Разговор Евгения Петрова с Ильфом на кладбище
Евгений Петров пришел без лишней торжественности. Он терпеть не мог такого выражения лица, какое надевают живые, являясь к мертвым, — будто они пришли не на кладбище, а в контору за окончательным разъяснением, что есть существование?..
В руке у него были цветы, обычные желтые нарциссы.Покупая этот букет Евгений подумал:" Со стороны всякий талантливый писатель, кажется самовлюбленным, этаким Нарциссом. Но они не понимают, что писатель любит не себя, а только то, что смогло создать нечто, чего еще прежде не было.
- Но если отделить мякоть от корки, - это уже не арбуз, произнес Евгений уже вслух...
Дорожку номер 23, пересек серый кот. Животное шло так медленно, словно существовало уже в другом измерении.
-Эй, приятель!- окликнул кота Петров, - ты кто?
Кот остановился и пристально посмотрел на Евгения.
- Всё понял, - сказал Петров,- а после того, как кот исчез в ближайших кустах сирени, добавил, - если бы понял....
И следующая мысль:
" Вероятно, кот показал, как надо идти в мире, где уже никто никуда не торопится"
Именно так неспеша, Евгений подошел к могиле своего друга. Да, друга ли только....
На похоронах Ильи Ильфа, Евгений вслух сказал, что пришел на собственные похороны...
У могилы, Евгений посмотрел на фотографию друга и пробормотал вслух:
— Ну здравствуй, Илюша. Ты, как я погляжу, устроился скромно, но со вкусом. Впрочем, вкус у тебя всегда был лучше, чем здоровье.

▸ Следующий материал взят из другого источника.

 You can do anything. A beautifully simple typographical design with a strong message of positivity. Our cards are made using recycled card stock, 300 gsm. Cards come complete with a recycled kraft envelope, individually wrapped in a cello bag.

Ничего не произошло. Только где-то за деревьями кашлянул незнакомый старик, возле чей-то могилы, да ворона, похожая на скомканную копирку, перенеслась с одной ветки на другую, что то присматривая для себя внизу.
Петров вздохнул.
— Вот так всегда. Пока человек жив, ему мешают работать. Когда умирает — мешает уже он. Своим отсутствием.
И тут в голове у него, как это бывает не с каждым, но с тем, кто очень глубоко пережил утрату близкого человека, раздался голос.

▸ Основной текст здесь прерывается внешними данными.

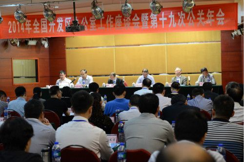 2014年9月28-29日,由中国开发区协会主办的2014年全国开发区办公室工作座谈会暨第十九次公关年会在西安举办。中国开发区协会会长师荣耀、陕西省商务厅副巡视员冯保安、西安经济技术开发区管委会巡视员段永和、中国开发区协会副秘书长张克勤、陕西省商务厅开发区处处长李亚荣出席了会议。来自全国60多家开发区100余名代表参加了会议。会议由中国开发区协会办公室主任张立刚主持。
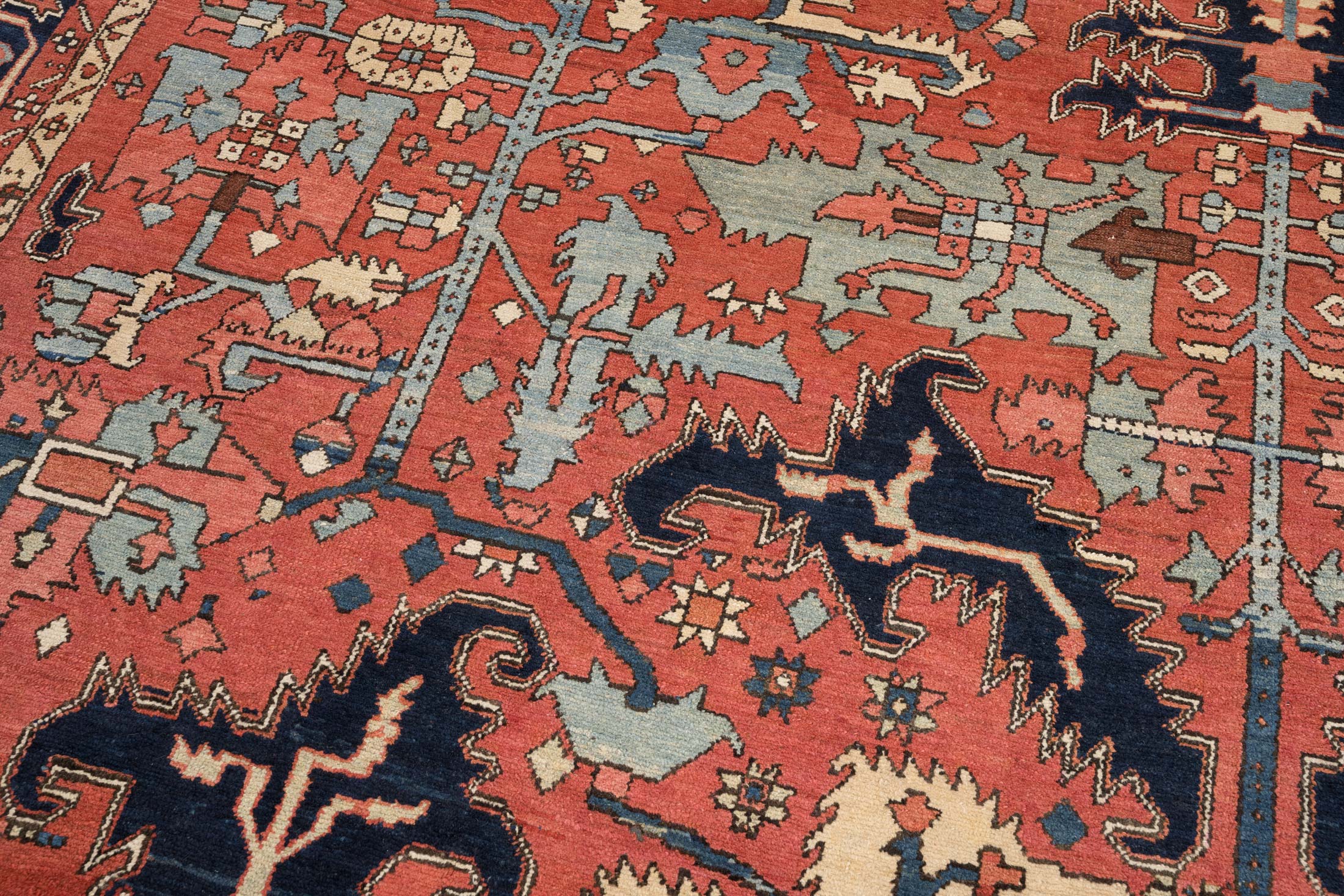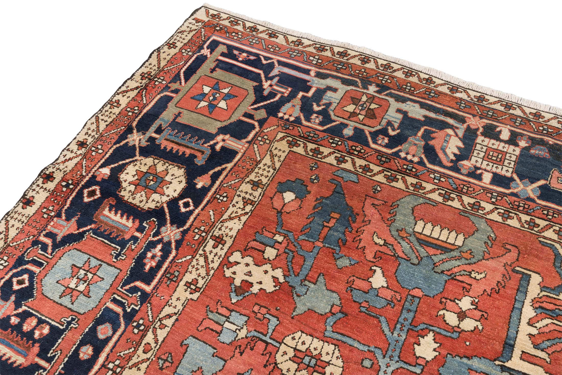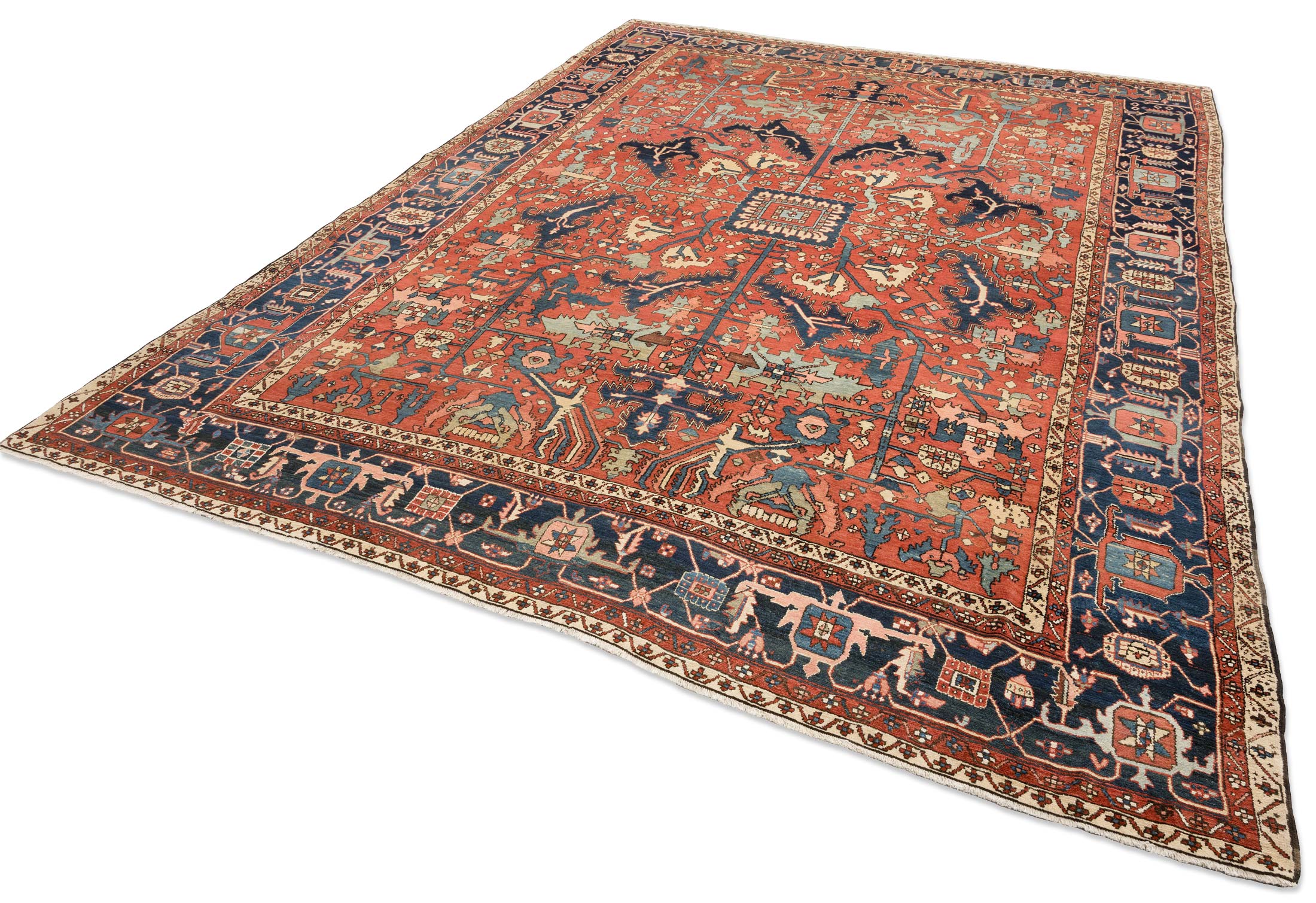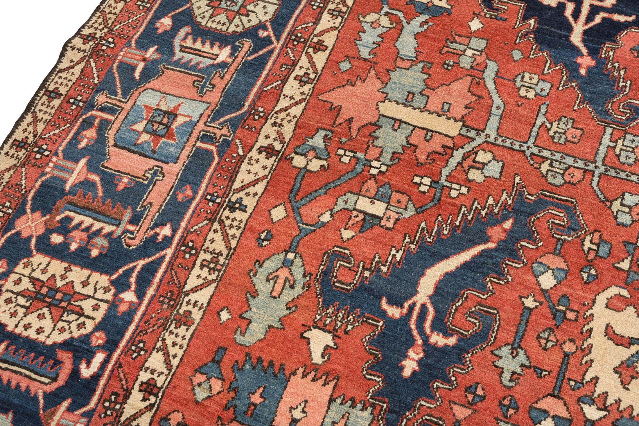 Dieser beeindruckende Bakhshayesh-Teppich aus Nordpersien, antik um 1880, besticht durch seine leuchtende Hauptfarbe Rot, die eine warme und einladende Atmosphäre schafft. Begleitet wird dieser reiche Rotton von tiefem Blau und zarten Beigetönen, die harmonisch miteinander interagieren. Die meisterhaft handgeknüpften Muster zeichnen sich durch ein zentrales Medaillon aus, umgeben von floralen und geometrischen Elementen, die sowohl Symmetrie als auch Detailreichtum zeigen. Die stilisierten ...mehr Beschreibung
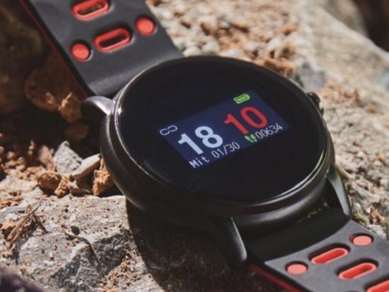 Die Smart Watch Sempre ist rund und zeigt die Zeit mit Ziffern in Weiß und Rot an. Die Akkulaufzeit wird mit bis zu 7 Tagen angegeben. Das Touch-Display ist allerdings kein OLED, sondern ein 0,96 Zoll großes TFT-Display. Die Uhr ist nach Schutzklasse IP68 spritzwassergeschützt. Regen und Staub machen ihr nichts aus.
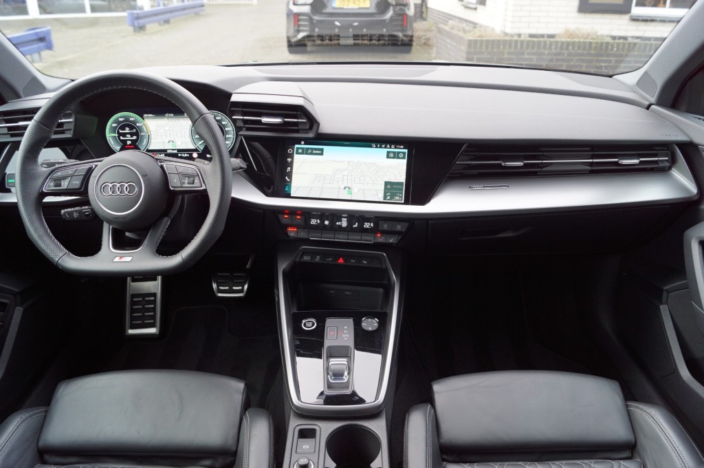 Remzadels rood, Blackpakket, MMI Navigatiesysteem plus met touch, Audi Soundsysteem, Virtual cockpit, RS Schaalstoelen in leer uitgevoerd met Witte stiksels, Stoelverwarming voor, 19'' Lichtmetalen velgen, Multifunctioneel sportstuur onderkant afgevlakt incl. schakelflippers, S3 diffuser, Adaptieve Cruise control, Parkeersensoren voor en achter, Ambiente binnenverlichting, 2 zones klima automatik, DAB+ Radio, Gecoat glas vanaf middenstijl, Achterspoiler, LED koplampen incl. dynamische knipperlichten achter, Automatisch grootlicht assistent, Drive select met Sportonderstel, Apple carplay, Draadloos telefoon opladen, Met uitwijkassistent met afsla-assistAuto bezichtigen op afspraak!Garantiepakket (€495,-)Dan kiest u voor 100% zekerheid en garantie.•- Nieuwe APK- Op peil brengen van olie, lucht en koelvloeistof- Tenaamstelling van de auto- Vrijwaren van de inruilauto- Minimaal half volle tank brandstof- 6 maand garantie- Onderhoudsbeurt volgens schema
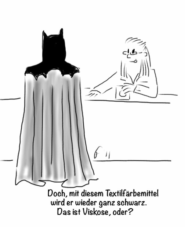 Batman braucht diesmal nichts aus der Apotheke, aber etwas aus der Drogerieabteilung, damit sein Cape wieder schön schwarz ist:

Голос был знакомый, суховатый, насмешливый и такой, будто каждое слово предварительно взвешивали на аптекарских весах, чтобы не допустить литературной передозировки.
— Женя, не драматизируй. Отсутствие — это тоже форма присутствия. Просто без бытовых неудобств.
Петров даже не вздрогнул, напротив улыбнулся. Словно разговор, прерванный когда то, снова наконец-то возобновился.
— А, вот ты и объявился.
Очень хорошо. Я уже начал думать, что загробная связь у вас там поставлена так же, как у нас в Союзе между редакцией и типографией.
— Не клевещи, — сказал Ильф. — Здесь с доставкой мысли все значительно лучше. Правда, отвечают только на действительно интересные вопросы. Ты, надеюсь, пришел не с пустяками.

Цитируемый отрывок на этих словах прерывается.